*** Source information Section Begins ***
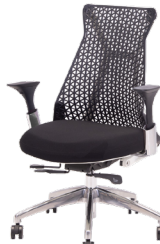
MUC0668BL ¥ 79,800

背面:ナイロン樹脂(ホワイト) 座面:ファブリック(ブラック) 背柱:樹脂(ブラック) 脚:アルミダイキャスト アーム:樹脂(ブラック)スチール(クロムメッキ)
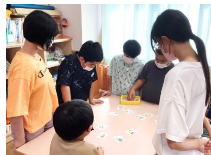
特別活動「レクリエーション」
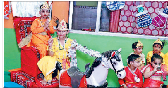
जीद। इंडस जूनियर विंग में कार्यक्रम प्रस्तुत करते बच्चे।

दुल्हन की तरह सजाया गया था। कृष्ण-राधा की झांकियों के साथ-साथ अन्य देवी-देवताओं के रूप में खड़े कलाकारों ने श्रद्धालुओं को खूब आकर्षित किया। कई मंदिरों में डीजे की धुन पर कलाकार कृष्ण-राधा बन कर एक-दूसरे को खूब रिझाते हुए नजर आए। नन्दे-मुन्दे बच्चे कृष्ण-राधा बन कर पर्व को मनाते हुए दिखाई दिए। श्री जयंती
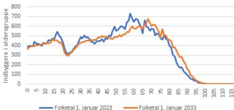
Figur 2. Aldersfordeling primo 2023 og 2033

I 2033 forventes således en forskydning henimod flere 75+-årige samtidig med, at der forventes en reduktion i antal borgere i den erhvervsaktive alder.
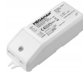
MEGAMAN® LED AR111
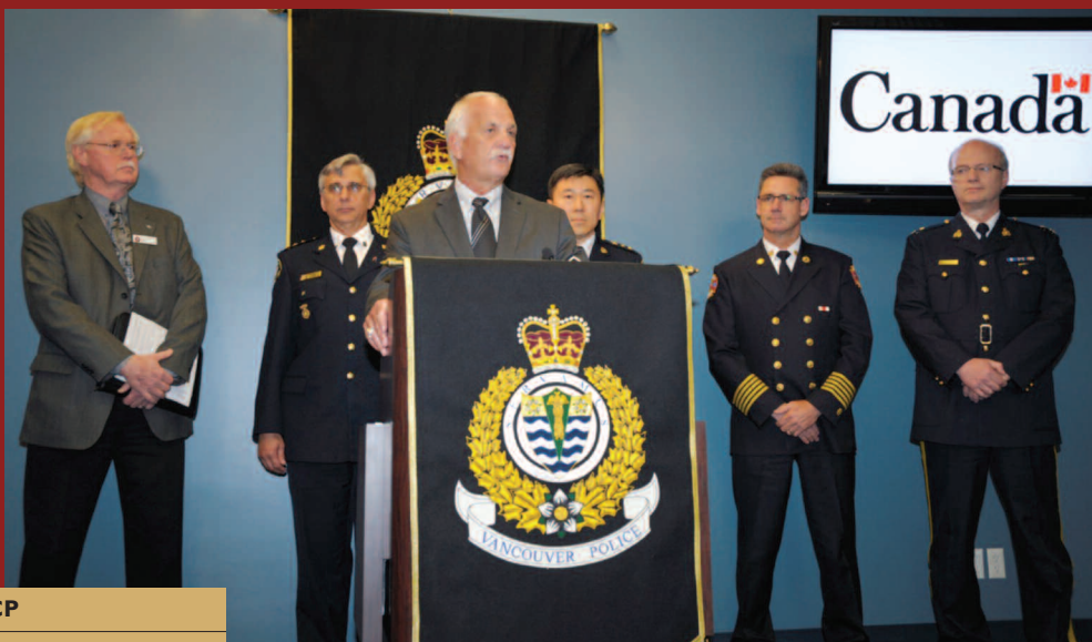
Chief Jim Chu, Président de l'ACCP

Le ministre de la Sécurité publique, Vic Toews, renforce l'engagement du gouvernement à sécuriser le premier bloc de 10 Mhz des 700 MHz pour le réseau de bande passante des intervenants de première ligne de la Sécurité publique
*** Source information Section Ends ***
*** Source information Section Begins ***
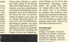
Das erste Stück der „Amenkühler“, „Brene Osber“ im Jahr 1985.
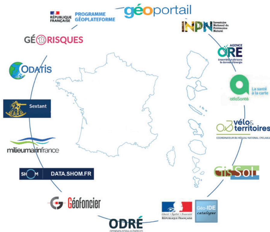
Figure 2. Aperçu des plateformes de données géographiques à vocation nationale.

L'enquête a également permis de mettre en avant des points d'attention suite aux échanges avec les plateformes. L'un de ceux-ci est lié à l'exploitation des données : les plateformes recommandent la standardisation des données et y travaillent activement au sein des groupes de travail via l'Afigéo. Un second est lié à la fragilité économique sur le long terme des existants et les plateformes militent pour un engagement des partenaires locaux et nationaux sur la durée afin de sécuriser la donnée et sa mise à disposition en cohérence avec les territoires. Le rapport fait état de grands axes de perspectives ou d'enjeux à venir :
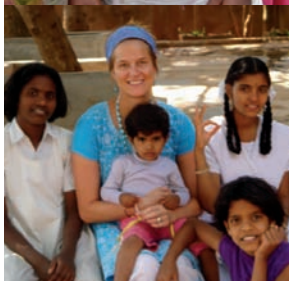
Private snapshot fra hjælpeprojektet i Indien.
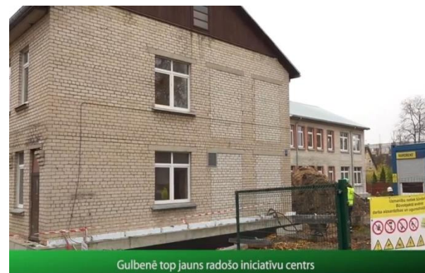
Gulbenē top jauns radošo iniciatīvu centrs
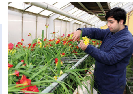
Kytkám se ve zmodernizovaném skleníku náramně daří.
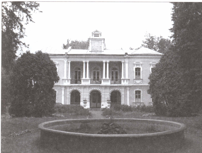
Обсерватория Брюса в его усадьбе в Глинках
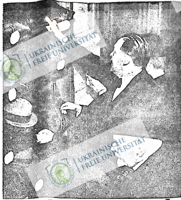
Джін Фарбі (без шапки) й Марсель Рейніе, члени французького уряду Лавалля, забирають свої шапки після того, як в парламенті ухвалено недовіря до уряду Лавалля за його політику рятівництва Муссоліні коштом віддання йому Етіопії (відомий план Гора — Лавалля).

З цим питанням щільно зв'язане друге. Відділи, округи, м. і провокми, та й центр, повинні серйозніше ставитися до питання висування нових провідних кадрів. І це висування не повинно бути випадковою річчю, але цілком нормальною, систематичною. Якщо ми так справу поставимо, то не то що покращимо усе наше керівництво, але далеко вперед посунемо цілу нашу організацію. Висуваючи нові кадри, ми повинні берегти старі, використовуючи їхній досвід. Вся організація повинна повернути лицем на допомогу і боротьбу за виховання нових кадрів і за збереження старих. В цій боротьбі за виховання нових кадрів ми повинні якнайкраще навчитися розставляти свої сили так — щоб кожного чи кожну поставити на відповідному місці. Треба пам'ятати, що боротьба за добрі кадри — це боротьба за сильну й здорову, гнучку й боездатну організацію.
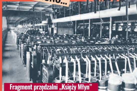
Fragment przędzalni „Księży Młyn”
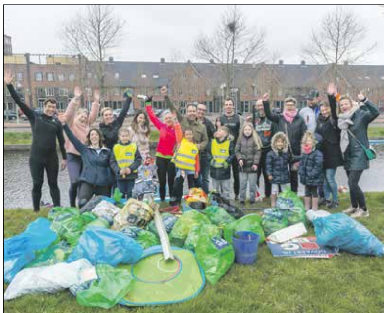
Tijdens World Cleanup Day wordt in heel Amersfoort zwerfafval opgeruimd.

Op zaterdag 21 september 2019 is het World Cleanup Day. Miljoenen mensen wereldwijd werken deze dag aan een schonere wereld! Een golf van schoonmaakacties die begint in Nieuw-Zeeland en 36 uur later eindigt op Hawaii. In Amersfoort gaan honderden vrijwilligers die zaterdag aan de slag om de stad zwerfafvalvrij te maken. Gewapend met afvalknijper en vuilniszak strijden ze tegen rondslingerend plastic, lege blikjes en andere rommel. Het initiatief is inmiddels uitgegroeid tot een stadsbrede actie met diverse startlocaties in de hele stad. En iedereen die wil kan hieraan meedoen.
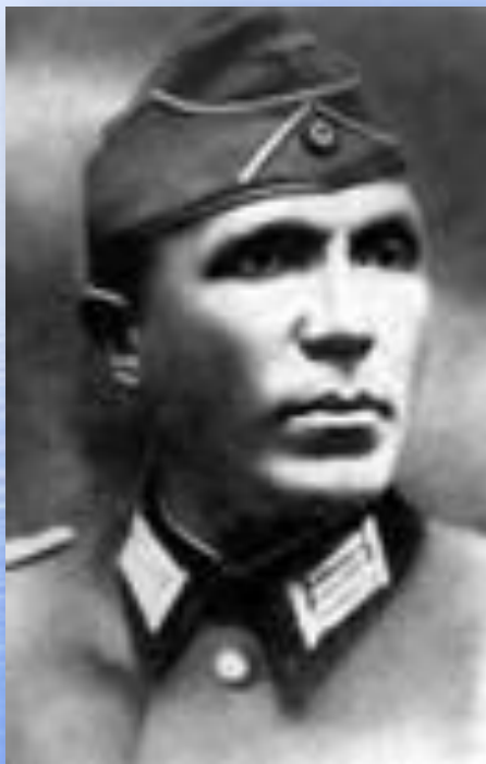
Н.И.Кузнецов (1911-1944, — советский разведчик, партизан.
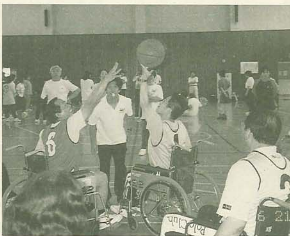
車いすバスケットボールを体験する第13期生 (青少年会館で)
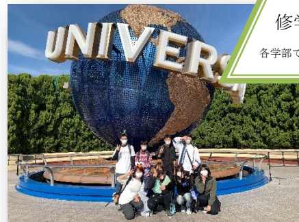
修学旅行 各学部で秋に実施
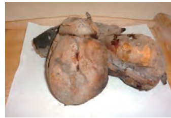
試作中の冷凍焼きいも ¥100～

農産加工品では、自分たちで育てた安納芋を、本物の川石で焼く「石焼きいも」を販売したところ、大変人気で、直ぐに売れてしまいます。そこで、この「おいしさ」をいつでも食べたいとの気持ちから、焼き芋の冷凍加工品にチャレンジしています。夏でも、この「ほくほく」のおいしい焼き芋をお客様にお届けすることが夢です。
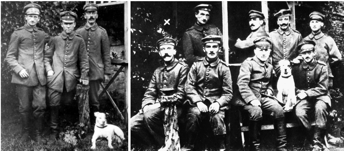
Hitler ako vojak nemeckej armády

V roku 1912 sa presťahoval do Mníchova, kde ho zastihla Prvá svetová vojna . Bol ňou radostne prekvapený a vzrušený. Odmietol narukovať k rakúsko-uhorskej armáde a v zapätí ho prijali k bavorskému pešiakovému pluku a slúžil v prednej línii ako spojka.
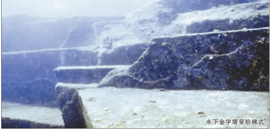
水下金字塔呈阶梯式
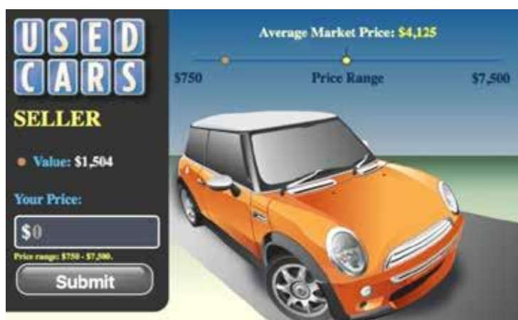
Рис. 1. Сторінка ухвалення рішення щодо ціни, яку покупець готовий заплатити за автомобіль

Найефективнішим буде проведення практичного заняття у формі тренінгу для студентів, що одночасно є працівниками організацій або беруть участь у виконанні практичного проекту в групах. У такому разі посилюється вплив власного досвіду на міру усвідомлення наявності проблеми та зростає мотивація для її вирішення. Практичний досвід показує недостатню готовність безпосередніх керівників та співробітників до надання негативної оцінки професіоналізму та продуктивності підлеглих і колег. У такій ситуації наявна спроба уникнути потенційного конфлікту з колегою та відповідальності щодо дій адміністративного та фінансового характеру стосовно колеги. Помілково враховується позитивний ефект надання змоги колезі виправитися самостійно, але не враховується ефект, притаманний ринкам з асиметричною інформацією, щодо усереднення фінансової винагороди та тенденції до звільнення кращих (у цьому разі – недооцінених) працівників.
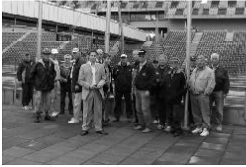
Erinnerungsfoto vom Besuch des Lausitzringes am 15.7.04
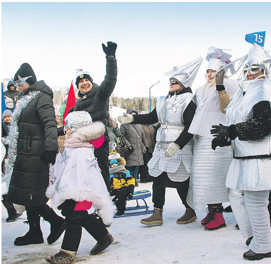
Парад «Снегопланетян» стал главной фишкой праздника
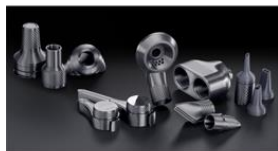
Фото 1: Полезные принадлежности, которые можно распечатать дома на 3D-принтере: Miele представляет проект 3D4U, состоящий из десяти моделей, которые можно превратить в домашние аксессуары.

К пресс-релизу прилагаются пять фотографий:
*** Source information Section Ends ***
Your assignment
Although the records hold pictures, the copy must not; give again exactly the lines from the one with "修学旅行 各学部で秋に実施" through the one with "Рис. 1. Сторінка".

Answer box
修学旅行 各学部で秋に実施
試作中の冷凍焼きいも ¥100～

農産加工品では、自分たちで育てた安納芋を、本物の川石で焼く「石焼きいも」を販売したところ、大変人気で、直ぐに売れてしまいます。そこで、この「おいしさ」をいつでも食べたいとの気持ちから、焼き芋の冷凍加工品にチャレンジしています。夏でも、この「ほくほく」のおいしい焼き芋をお客様にお届けすることが夢です。
Hitler ako vojak nemeckej armády

V roku 1912 sa presťahoval do Mníchova, kde ho zastihla Prvá svetová vojna . Bol ňou radostne prekvapený a vzrušený. Odmietol narukovať k rakúsko-uhorskej armáde a v zapätí ho prijali k bavorskému pešiakovému pluku a slúžil v prednej línii ako spojka.
水下金字塔呈阶梯式
Рис. 1. Сторінка ухвалення рішення щодо ціни, яку покупець готовий заплатити за автомобіль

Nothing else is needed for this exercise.